The Lord led Pastor Carey to that Ephesians 4 passage and challenged him to actually do it. And he did. Harvey Carey successfully planted and grew a church with zero staff. Zip. Nada. Just one pastor determined to build a church according to God’s blueprint. (Just this year, Citadel added an executive pastor. Prior to that, it was Pastor Carey, a music minister, and an administrative assistant.)

“The purpose of leadership is not to do the ministry, but to equip those around us to do the ministry.”

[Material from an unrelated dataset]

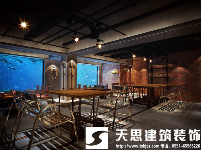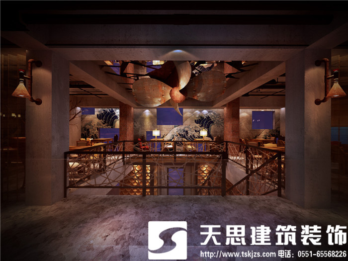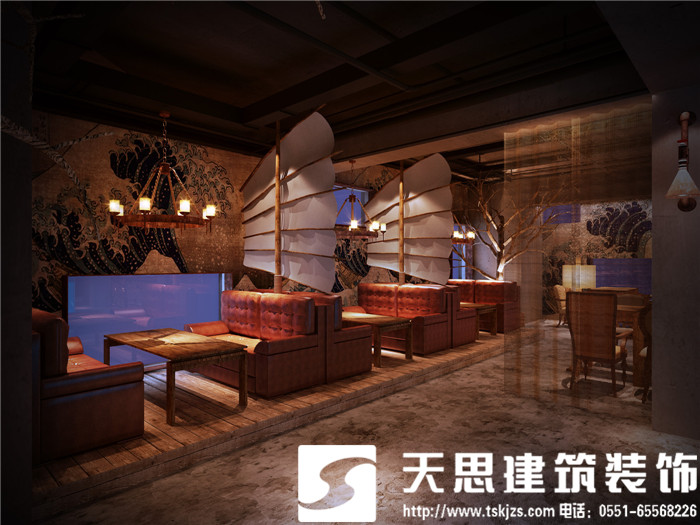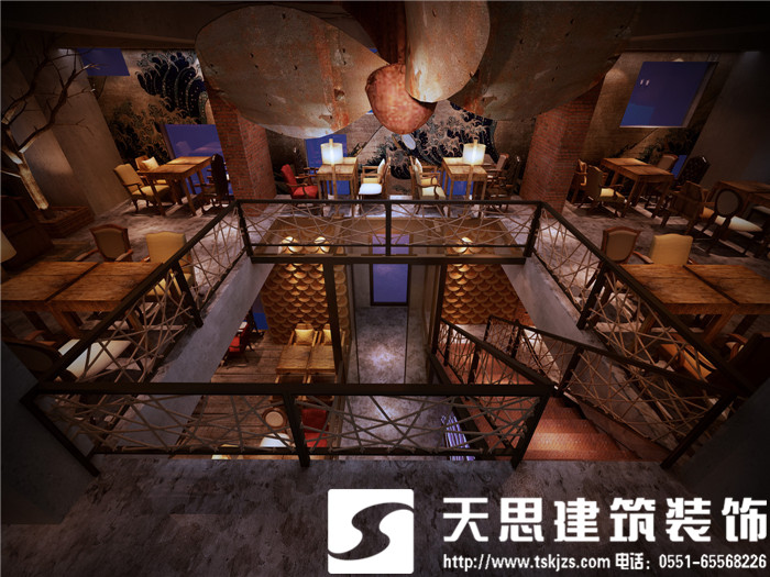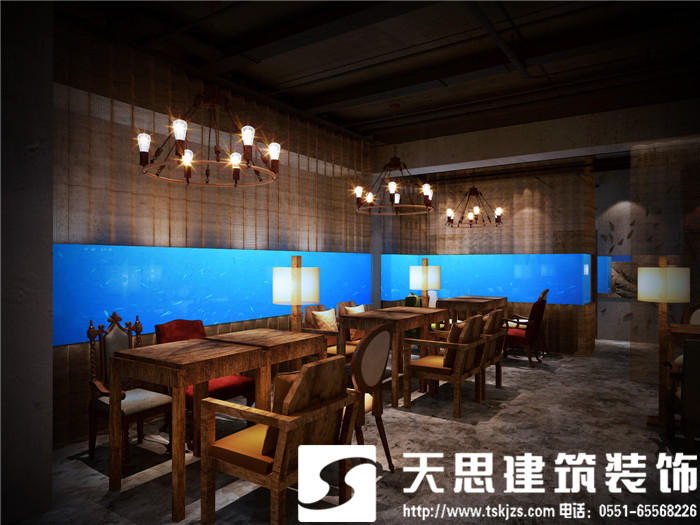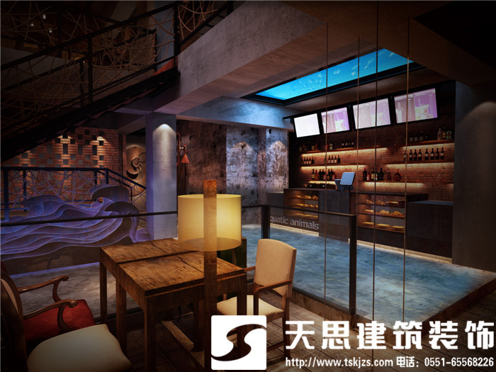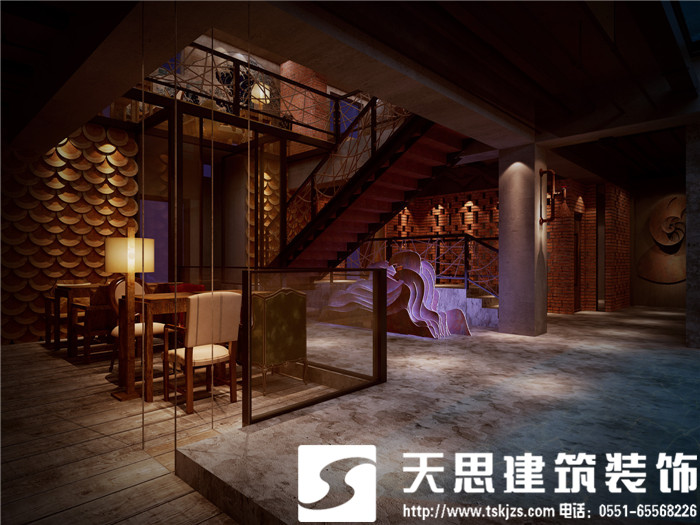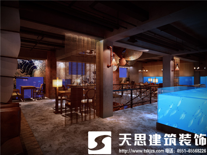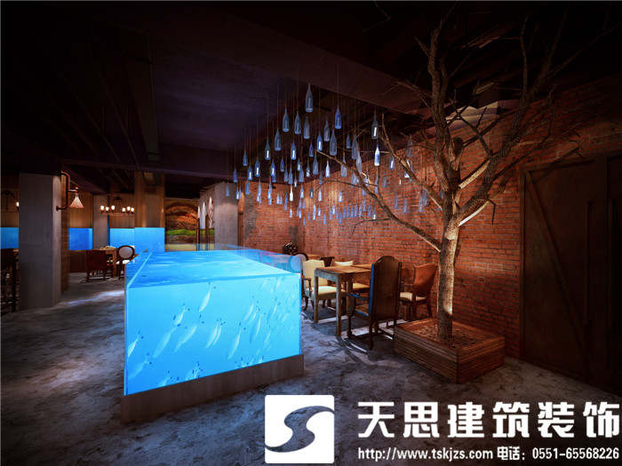 設計師讓空間呈現對話關系,彼此呼應。二層的長方形水族魚箱,在一樓即為吧臺頂層的雅致裝飾,自然傾瀉的燈光給吧臺區(qū)足夠的光源,簡約環(huán)保的理念貫穿在空間設計里。節(jié)次鱗比的魚鱗造型墻飾,富有藝術感,特用原木制作,將韻味進一步升華。

When people ask Pastor Carey, How did you do all that ministry with just you?”, he replies that his whole job is to take those people who come every week and equip them to do the work of ministry. He went on to say, “The job of the leader is to equip, to build up, to develop, to train those in our ranks to go out and do the work of ministry. What kind of revolution would there be with your volunteers if they quit coming to meetings expecting you to provide every single detail of what they are supposed to do, but instead you equip, train, encourage and exhort them in the things they are uniquely gifted to do and release them to the world to do the ministry, then come back together and do it all over again?”

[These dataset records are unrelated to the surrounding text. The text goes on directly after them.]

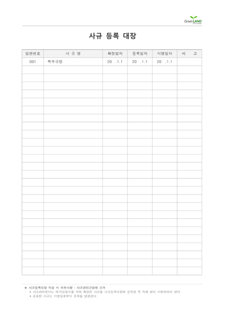 해당 서식은 중소기업의 현장,실무서식을 바탕으로 최적화된 부서별 표준서식입니다. 샘플내용, 작성방법, 관련규정 등 문서 하나에 모든 내용이 포함되어 있어 신입사원부터 사장님까지 누구나 쉽고 편리하게 사용할 수 있습니다. 우리회사만의 로고삽입이 가능하며 통일화된 양식으로 문서체계를 확립할 수 있습니다. 문서의 성격과 용도에 맞게 가장 안정적인 문서레이아웃으로 구성되어 있어 대내외용 문서로 활용도가 높습니다. 표준 사규등록대장 (작성방법 포함) ▶ 주요항목 : 일련번호, 사규명, 확정일자, 등록일자, 시행일자, 비고 등 ▶ 작성방법 및 서식활용TIP : 사규관리부서는 제?개정절차를 거쳐 확정된 사규를 사규등록대장에 등록한 후 지체 없이 시행하여야 합니다.
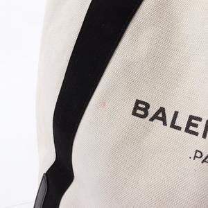 Used Balenciaga Navy Cabas Medium Tote Bag, Canvas and Leather, Women's, White/Black, 339936 (SKU: GZl1brzt)
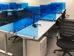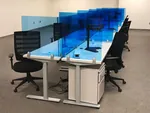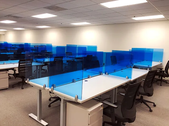 We created their office layout with thirty 72”x30” and fifty 60”x24” sit and stand computer desks. For a bright, cool office style they have white laminate desk tops, silver metallic sit stand desk bases, and custom blue acrylic desk shields to match their corporate color. These double as office sneeze guards, an important post-pandemic office accessory!
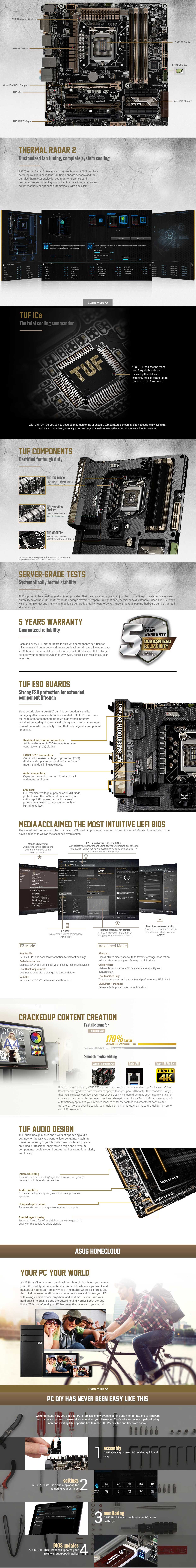 | Special Features | TUF Features: TUF ENGINE! Power Design : - 8 +2 Digital Phase Power Design - TUF Components (New Alloy Choke, Ti-Cap. & MOSFET; certified by military-standard) - ASUS DIGI+ Power Control Utility Ultimate COOL! Thermal Solution : - TUF Thermal Radar 2 - TUF ICe Safe & Stable! Guardian Angel : - TUF ESD Guards ASUS Exclusive Features : - MemOK! - AI Suite 3 - Ai Charger - USB Charger+ - Anti-Surge - ASUS UEFI BIOS EZ Mode featuring friendly graphics user interface - USB 3.0 Boost - Disk Unlocker - Turbo LAN Interactive HomeCloud - Media Streamer ASUS EZ DIY : - ASUS CrashFree BIOS 3 - ASUS EZ Flash 2 - ASUS UEFI BIOS EZ Mode - Multi-language BIOS - Push Notice ASUS Q-Design : - ASUS Q-Shield - ASUS Q-LED (CPU, DRAM, VGA, Boot Device LED) - ASUS Q-Slot - ASUS Q-DIMM - ASUS Q-Connector |

Something else he said really hit home with me. “Why do we have singles ministry, men’s ministry, women’s ministry, youth ministry…? Why have we made it ministry to those people rather than ministry by those people. We are like cruise directors who entertain and come up with new ideas to make that group happy. Who said that is the biblical model for ministry? Do you know how much money is wasted in the Body of Christ on staff who are glorified cruise directors as opposed to having individuals who are gifted to help equip those in the ministry to do the ministry? While they are doing the work of ministry, they build community, build relationships, do life together, and then they grow as they do the ministry!”

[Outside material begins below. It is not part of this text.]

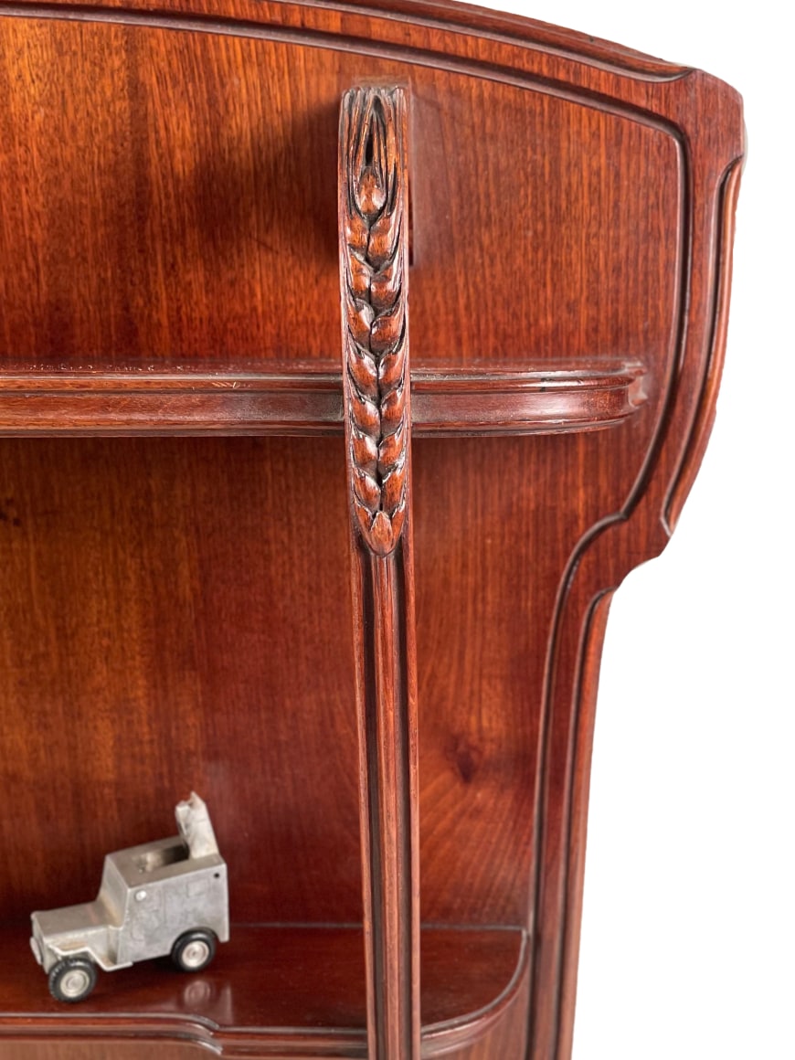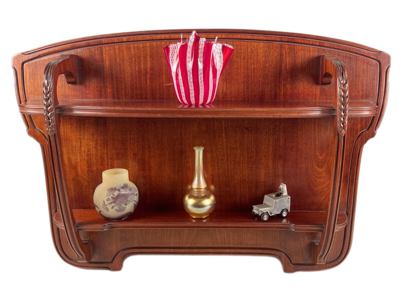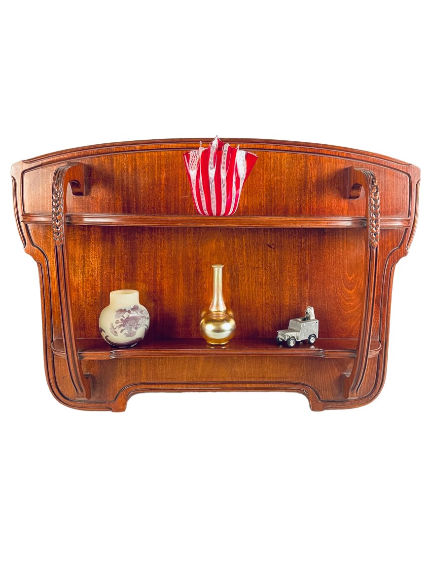 Early 20th Century French Art Nouveau carved wood "Les Blés" (The Wheat) pattern wall shelf by, Louis Majorelle decorated with two shallow display shelves further carved with "Les Blés" (Wheat) decoration on each bend. The shelf is ready to hang. circa 1905.
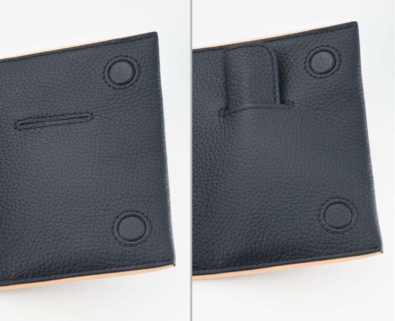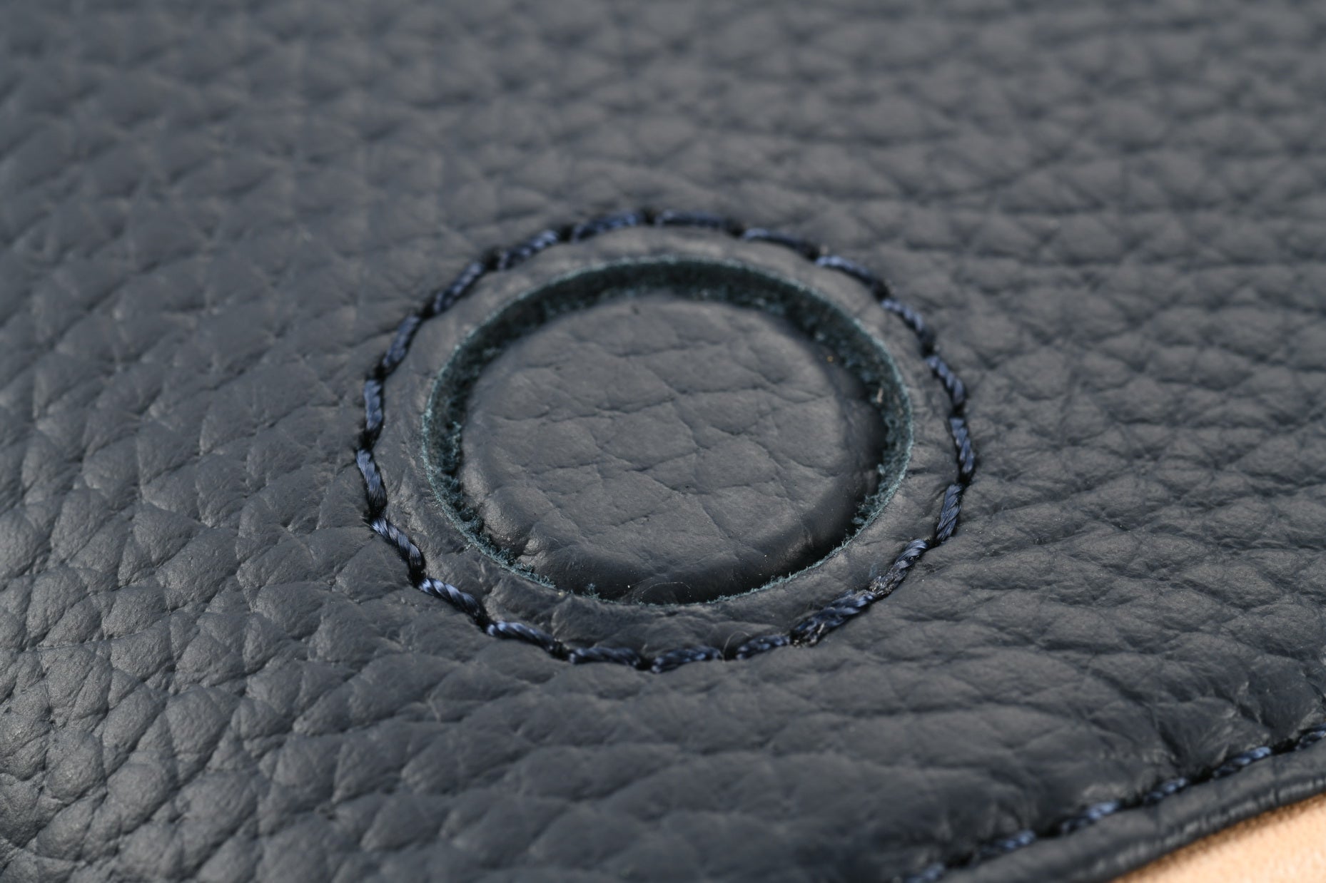 45周年モデルで初採用のマグネット式ホックを上下2か所に配置。軽快な開閉でストレスのない使い心地を実現しています。マグネットは革で包み込み、周囲のステッチも本体と同色に仕上げることで、統一感あるデザインを生み出しています。

Before we ask for “new learning,” perhaps we should examine whether we are actually using the “old learning!” I encourage you to visit Citadel’s website at http://citadeloffaith.org to see what happens when a leader actually uses the “old learning.” And then you may want to ask yourself if you have become a glorified cruise director… or are you an equipper: one who intentionally equips, encourages, exhorts and releases those God brings to you so that they are doing the ministry?

2 thoughts on “Cruise Director or Equipper?

  1. As usual, good article and an arrow right to me Andee! I liked the inclusion of Pr. Carey’s website.

    It was a good presentation at LifeServe and this is a good recap and reminder. What I struggle with is how to equip those that don’t seem to want (or is ready for?) equipping. How do you give people salt to want to strive to higher leadership roles and deeper service and move people away from the expectations of having a cruise director on staff?

  2. That is such a challenge, Rachel, for all of us! I wish I had some magic formula but, alas, I do not. 🙂 However, I have been thinking a lot lately about what it might look like if we did a better job of helping people see their ministry in the context of their every day life. For example, reframe fixing breakfast for the family and getting them off to school and work in the context of serving Jesus. I know many of us talk about this, but I think it takes consistently asking the right questions to reframe the mundane routine of life into serving opportunities until we think of everything as ministry. Not a new concept, certainly–Brother Andrew wrote about some time ago! If we could begin to think like that, however, would it be easier then to extend ourselves beyond the everyday stuff to something requiring a little more effort, something outside our comfort zone? Would that create a desire for folks to know their gifting and identify their heart for issues or people groups so that they could serve more effectively? I don’t know, but it’s just something that’s been bubbling inside me for awhile now!